セシルだって故郷に帰ることもできたはずなのに、屋敷に残ったから私と同様の酷い仕打ちを受けることになったのだ。


「お嬢様と一緒に居られるだけで幸せなのですから、そのようなお顔をしないでください」


優しく微笑んだセシルは、以前のように明るく笑ってほしいと言う。

それから、


「たくさん食べるお嬢様をまた見せてくださいね」


と、意地悪まで言われた。


「もうっ、そんなに大食いじゃないわよ」

「ふふ、お嬢様は本当に美味しそうに食べてましたから」

「……だって、食べるの好きなんだもん」


そう、令嬢としてはどうかと思うんだけど、色気より食い気だったの。とにかく食べるのが好きだった。もちろんそのために運動もちゃんとしてたし、太らないように気をつけていたんだから。

だけど、今はちゃんとしたご飯にありつけていない。叔母と義妹が残した残飯みたいな食べ残しを分けてもらえるだけ。セシルは他の使用人と同じご飯を食べさせてもらってるからと、こっそり私にご飯を分けてくれるけど、セシルの分を貰うわけにはいかないと、いつもちょっとだけいただくようにしている。

以前はもう少しふくよかだったけど、今は、自分でもびっくりするくらい細くなったし、体重だってきっと減った。

けど、夢は諦めていない。昔みたいにまた美味しいものをたくさん食べたい、って願いながら過ごしている。

もちろん、セシルも一緒よ。






■■■

小鳥のさえずりで目を覚ました私は、屋敷の空気がいつもと違うことを感じながら、寝坊してしまったのかと不安を覚える。


「今日はやけに静かね」


屋根裏の物置みたいな部屋が私の現在の部屋。ギシギシ音を立てるベッドから身体を起こして、耳を澄ませてみたけど、いつもの騒がしい音がない。

いつもだったら、「フォリア、朝食の片づけが終わったら、床磨きよ」と、叔母のマリッサの耳障りな声がするはずなのに、まるで誰もいないみたいに静か。

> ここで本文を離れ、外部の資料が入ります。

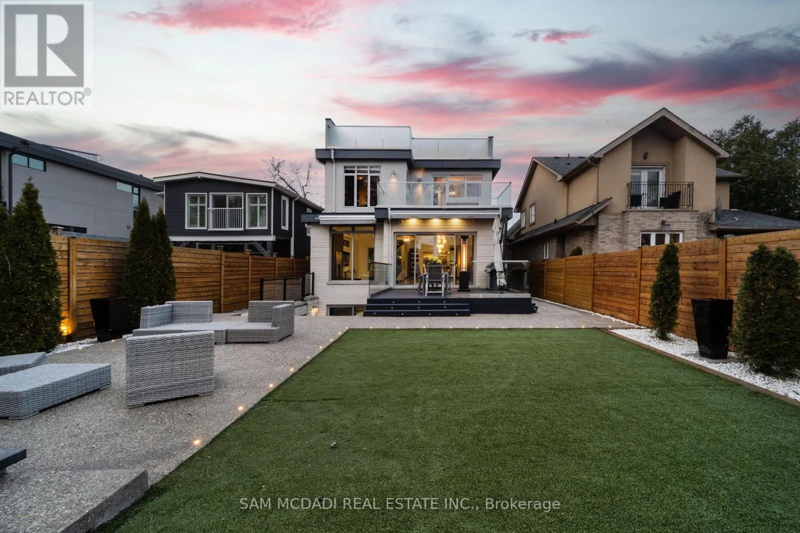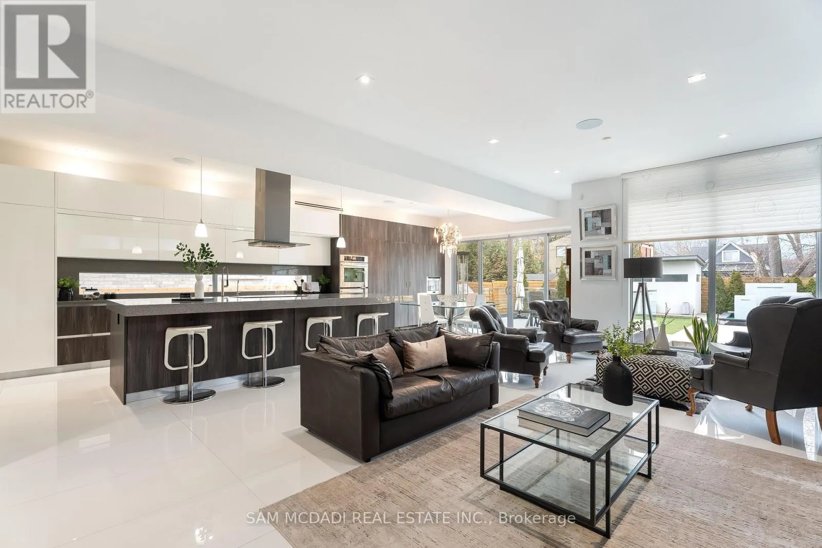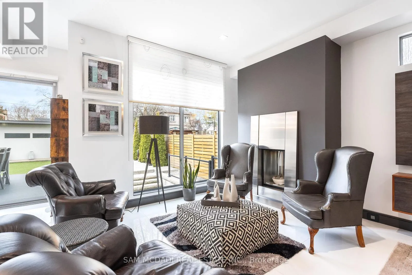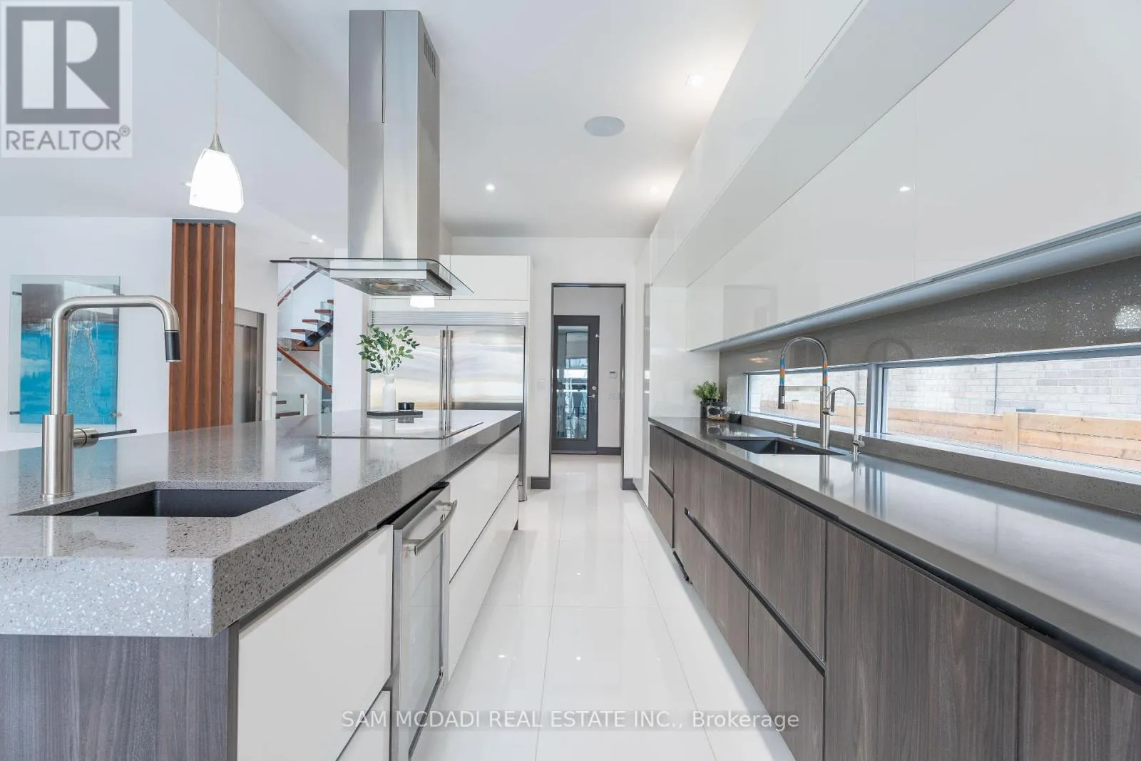 Cross Streets: Lakeshore Rd E & Montbeck Cres. ** Directions: Via Lakeshore Rd At Montbeck Cres- Head toward Lakeshore Rd E, then continue onto Montbeck Crescent. Turn right onto Byngmount Ave, then left onto Goodwin Rd. This spectacular, state-of-the-art contemporary designer home is located in the prestigious Lakeview community. The residence features 5-bedrooms and 6-bathrooms, offering over 5,000 SF of luxury living, finished to the highest standards. The main floor showcases white porcelain flooring and 10-foot ceilings throughout, complemented by a mahogany elevator with stainless steel doors and a striking mahogany floating staircase. The sun-drenched living room features a Napoleon Tureen fireplace and overlooks the expansive backyard. The immaculate kitchen is equipped with high-end appliances, full-length custom Italian cabinetry, quartz countertops, and a dramatic 14-foot centre island. Additional features include a built-in KitchenAid garburator, a built-in bar with automatic lighting, and a Thermador coffee station. The second floor offers 4 generously sized bedrooms and 3 beautifully appointed bathrooms. The third floor is dedicated to the primary retreat, featuring a walk-in closet with custom built-in shelving and a five-piece ensuite with a freestanding tub, heated flooring, and heated towel racks. This level also provides walkout access to an approximately 600-square-foot deck wired for a hot tub, with hot and cold water rough-ins for a bar and speaker rough-ins. Designer décor is showcased throughout the home. Additional highlights include a car lift in the garage and a private, award-winning backyard featuring a 13' x 14' three-tier designer fountain. Aluminum decking has been installed on all four balconies with underlay cushioning. The home is further enhanced by newly replaced heating and cooling systems, including a Lennox 135,000 BTU furnace and a 60,000 BTU, five-ton air conditioning system with a 4 zone management motherboard. (id:27476)
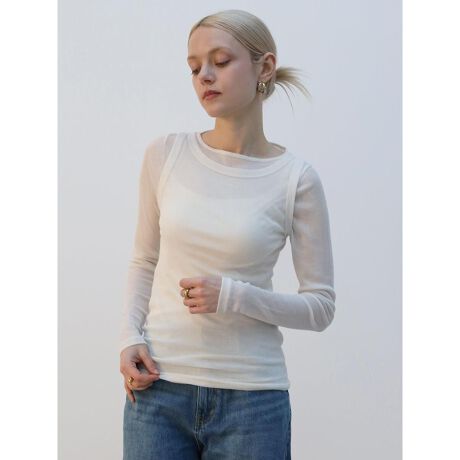 素肌に溶け込むような、繊細なシアー感が魅力のカットソー。ミニマルなデザインだからこそ、レイヤードにも一枚着にも活躍。コンパクトで優しく身体にフィットするストレッチ性も魅力。同素材のタンクトップとのレイヤードスタイルはもちろん、単品使いでジャケットやシャツのインナーとしても映える、大人のためのベーシックアイテムです。

少し恐怖を抱きながら下の階へ降りたけど、やっぱり静か。

何があったのかと、屋敷の中をウロウロしていたら、セシルが息を切らせて屋敷の中に飛び込んできた。


「お嬢様!」


呼んではいけないと言ってあるのに、大声でそう呼ばれて、叔母にでも聞かれたらと私は大慌てでセシルの元に駆けよる。


「フォリアって呼んでって……」

「これを」


注意しようとしたら、一枚の紙を顔面に突き出された。さすがにこの至近距離じゃ全然見えなくて、手に取る。

その紙には、



『13月5日、エリオット=ルイジェルド王子(24歳)参加のもと、

オーフィリア城にて舞踏会を開催する。

参加資格は不問、ただし未婚者であることが条件』



そう書かれていた。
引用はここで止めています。